1. Pink Floyd, Dark Side of The Moon.
Pink Floyd, by any standards, were hit and miss. During the early years, it was just too plain weird to listen to. "A Collection of Small Furry Animals... (title shortened)" and "A Momentary Lapse of Reason" just weren't brilliant. Probably because the band was off their face when they made them. However, one album stands above all others (even the also sublime "The Wall" and "Wish You Were Here").... Dark Side of the Moon.

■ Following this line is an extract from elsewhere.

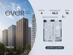 2-комн. квартира в ЖК "Ever" на 16 этаже в 34 этажном здании Корпус 4. Общая площадь: 46.2 кв.м., жилая: 27.4 кв.м. Высота потолков 3.00 м.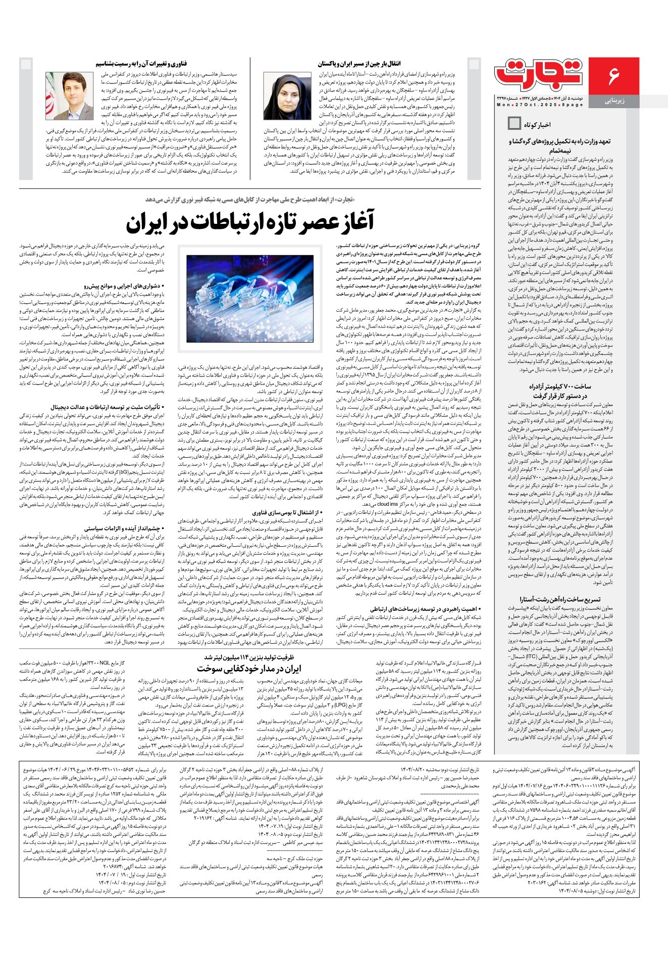 روزنامه تجارت - روزنامه تجارت|دوشنبه ۰۵ آبان ۱۴۰۴ - شماره ۳۳۹۷

The ultimate in album masterpieces. Great individual songs in a completely immersive album. Oh, and if that isn't enough, go watch the Pulse concert, which does the entire album in sequence - the only way it can be done. From the segues that are so dramatic you forget you aren't actually listening to a song, to modern classics like "Time" and "Money", things no one ever seems to have enough of, this is an album no home is complete without.